Features that change frequently are more closely related to the
observational event, and are thus kept in the observation_ancillary
table. Ancillary observations are linked through the location_id, and
one location_id may have many ancillary observations about it.
- If these site-specific variables change through time, use the
datetime column to avoid creating non-unique composite keys.
- If site-specific variables change through time but the dates
associated with the variable do not align with observation datetimes,
round the date associated with the changing variable forward to the next
observation date (e.g. edi.253.3).
taxon_ancillary
Store additional info about an organism that does not change
frequently (e.g. trophic level). Features that change frequently are
probably observations. Ancillary observations are linked through the
taxon_id, which may have many ancillary observations about it.
- In the case where taxon-specific information changes through time
(i.e. a different common name or description is used), make use of the
datetime column to avoid creating non-unique composite keys.
variable_mapping
Link information from the variable_name columns of the observation,
observation_ancillary, location_ancillary, and taxon_ancillary tables to
external definitions in this table. See Ontologies
and Vocabularies section for details.
General Issues
Other unforeseen issues with the L0 dataset may manifest themselves
as you begin to create an ecocomDP (L1) formatted dataset. See the
following suggestions for handling some common issues:
- Use the source (L0) dataset contact for help to resolve issues.

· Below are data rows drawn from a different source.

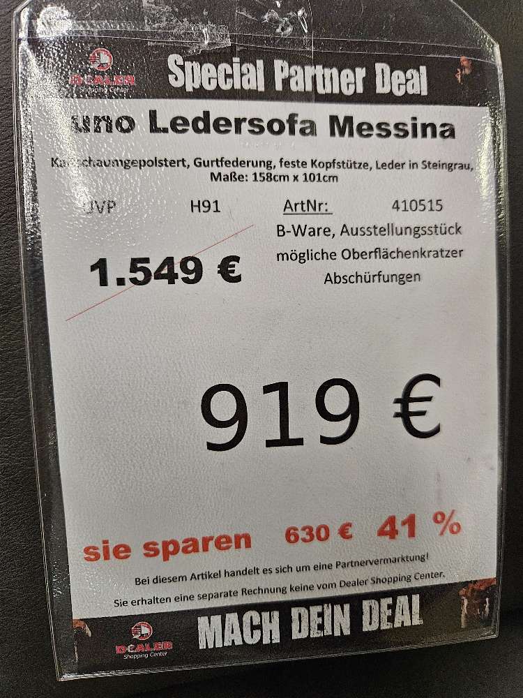 uno Ledersofa Messina 2 Sitzer Steingrau statt 1549€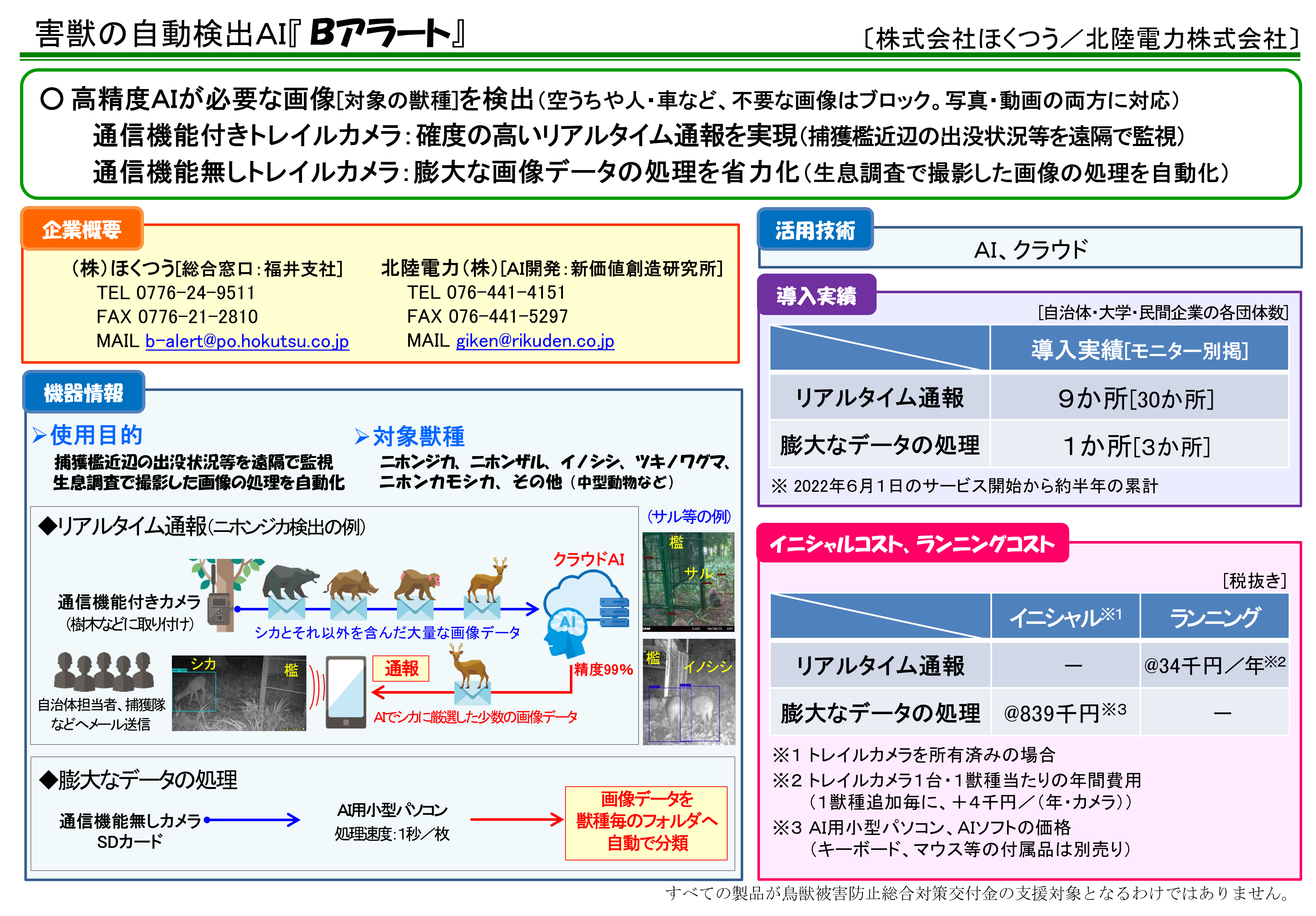 この取り組みの一環として、クマが写っている画像だけを検出するAIを開発し、令和3年度に富山県での実証実験を経て、害獣の自動検出AI(製品名『Bアラート』)を商品化し全国へサービスを提供しています。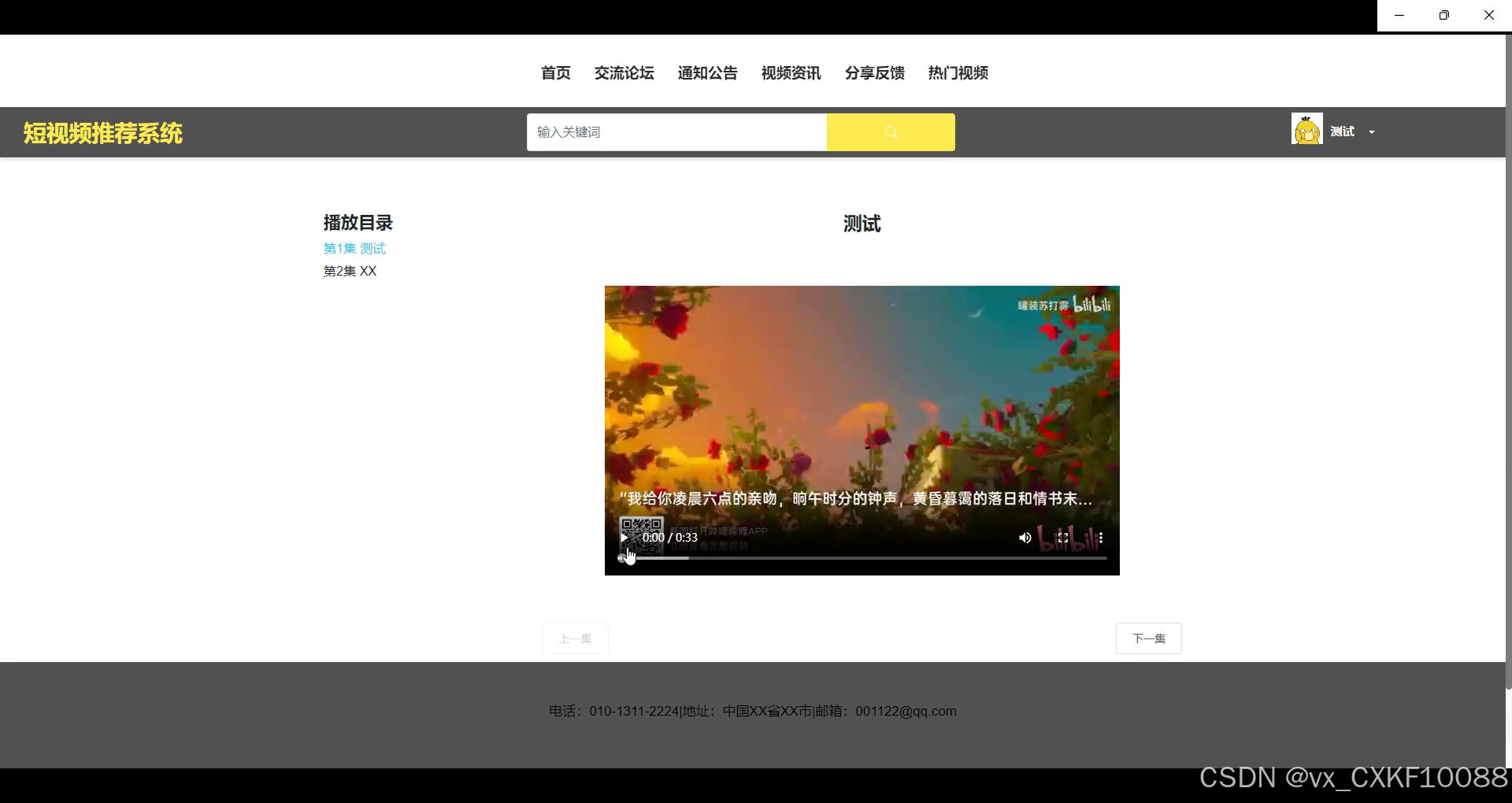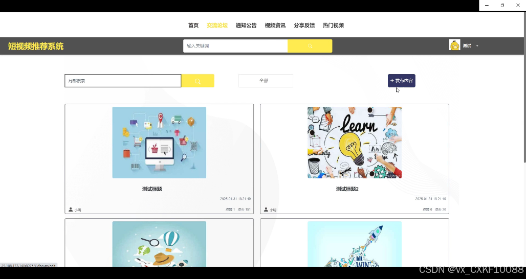 首页:提供轮播图展示平台推荐的短视频、视频资讯模块和协同过滤推荐系统,基于用户兴趣和行为推送热门视频。用户可以快速浏览推荐内容并进入播放界面。

Usually they will apply a fix on short notice. If not, then proceed the
best you can.
- Contact ecocomDP project maintainers if you have any questions
regarding the creation of an L1 ecocomDP dataset that were not covered
in this document.
- Maintain an ongoing list of “considerations” for improving the L0
dataset to share with the L0 dataset author/manager. These are items
that did not necessarily hamper production of the L1 dataset, but may
improve the L0 dataset if addressed.
- When non-unique composite key issues arise in validation of the
location_ancillary or taxon_ancillary tables:
- First try to resolve this issue by utilizing the datetime
column.
- Try to get the creator/information-manager to fix the issue in the
L0 dataset.
- If this can’t be done in good time, a temporary solution is to move
the problematic variable_name to observation_ancillary (which can handle
everything).
- This solution should be accompanied by a
warning()
,
with a description of the issue, in the create_ecocomDP()

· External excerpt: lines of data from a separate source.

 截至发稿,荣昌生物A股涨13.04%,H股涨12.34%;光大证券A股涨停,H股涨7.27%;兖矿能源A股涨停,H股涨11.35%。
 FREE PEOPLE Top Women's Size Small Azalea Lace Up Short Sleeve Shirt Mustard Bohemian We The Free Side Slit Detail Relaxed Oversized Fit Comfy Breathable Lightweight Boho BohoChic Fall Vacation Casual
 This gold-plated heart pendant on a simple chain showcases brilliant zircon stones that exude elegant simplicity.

function so that the next time this function runs, as a part of the
maintenance routine, the logfile will prompt the maintainer to check for
implementation of the L0 fix and adjust the
create_ecocomDP()
function accordingly.
Concepts
Levels of Observation
A dataset often has multiple levels of observation (i.e. spatial
scales of observation). Only one of those levels of observation is
considered meaningful. We use the term “meaningful” to denote the finest
spatial scale at which the observations are meant to be interpreted.
- This is often noted by the dataset creator (but sometimes not).

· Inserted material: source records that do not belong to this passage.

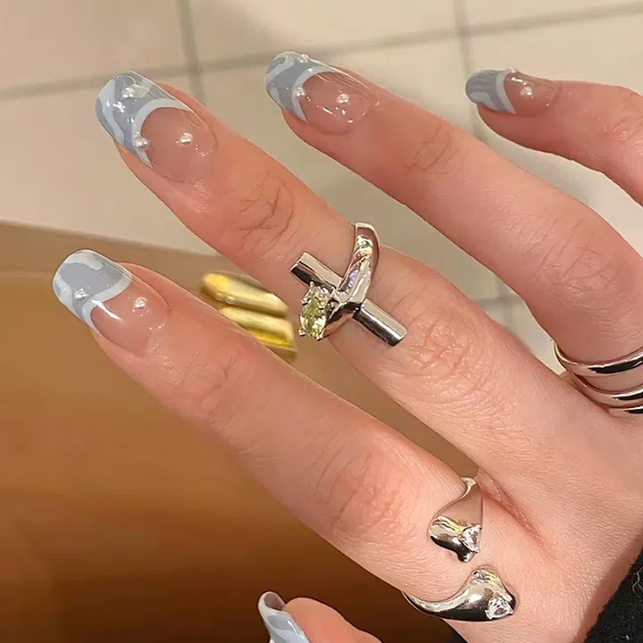 这款美甲的原版其实是被#Barbiecore潮流所影响的芭比粉色!低调的女友将法式的部分改成了清爽的蓝色,不仅保持了原有的”塑料感“,而且看上去特别适合夏天。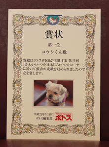 オレ、県大会のときの表彰状だってモノクロだったのに・・・。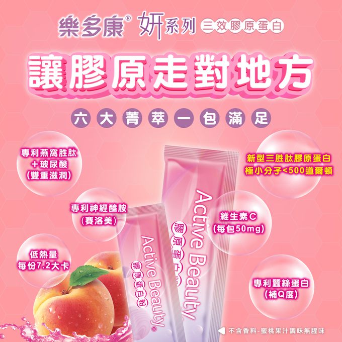 成分:水蜜桃果汁粉(水蜜桃濃縮汁、麥芽糊精)、韓國ButiCTP®專利魚膠原蛋白胜肽(含三胜肽)、卡姆果萃取物(維生素C)、日本蠶絲蛋白(蠶絲蛋白、麥芽糊精)、二氧化矽、流行鏈球菌發酵物(含透明質酸鈉)、專利燕窩胜肽(麥芽糊精、燕窩碎)、專利玄米萃取物[麥芽糊精、米萃取物(含賽洛美)]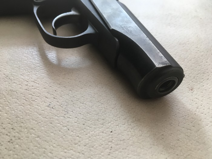 По «внутрянке» гладкий стволик с резьбой под фальшглушитель, пара красных деталюг, боевая пружина пожёстче, ударник подточен, чтобы курок человеческий стал, все остальное сток. Магазин не пилился, будет желание новый хозяин попробует свои силы - донор-магазин прилагается ( да пятка железная)

- Could be an ecosystem or habitat within an ecosystem.
- Or possibly “special variables” of a study that lead to expected
variation across observations (e.g. differing treatments, changing
elevations).
Determining the Meaningful Level of Observation
- If there is only one level of observation, then it is the meaningful
level of observation.
- If there are multiple levels of observation, only one should be
deemed meaningful. Consider the following:
- Always defer to any explicit statement of the meaningful level of
observation from the L0 metadata.
- If not explicitly stated in the L0 metadata, determine if there are
changing habitats, experimental treatments, or elevations across any
levels of observation (demonstrated in Figure 3).
- If habitats or special variables do not change across any of the
levels of observation, then the coarsest level of observation should be
deemed meaningful.
- If habitats or “special variables” change across a single one of the
levels of observation, then that level should be deemed meaningful.
- If habitats or special variables change across multiple levels, the
finest resolution level where they change is deemed meaningful.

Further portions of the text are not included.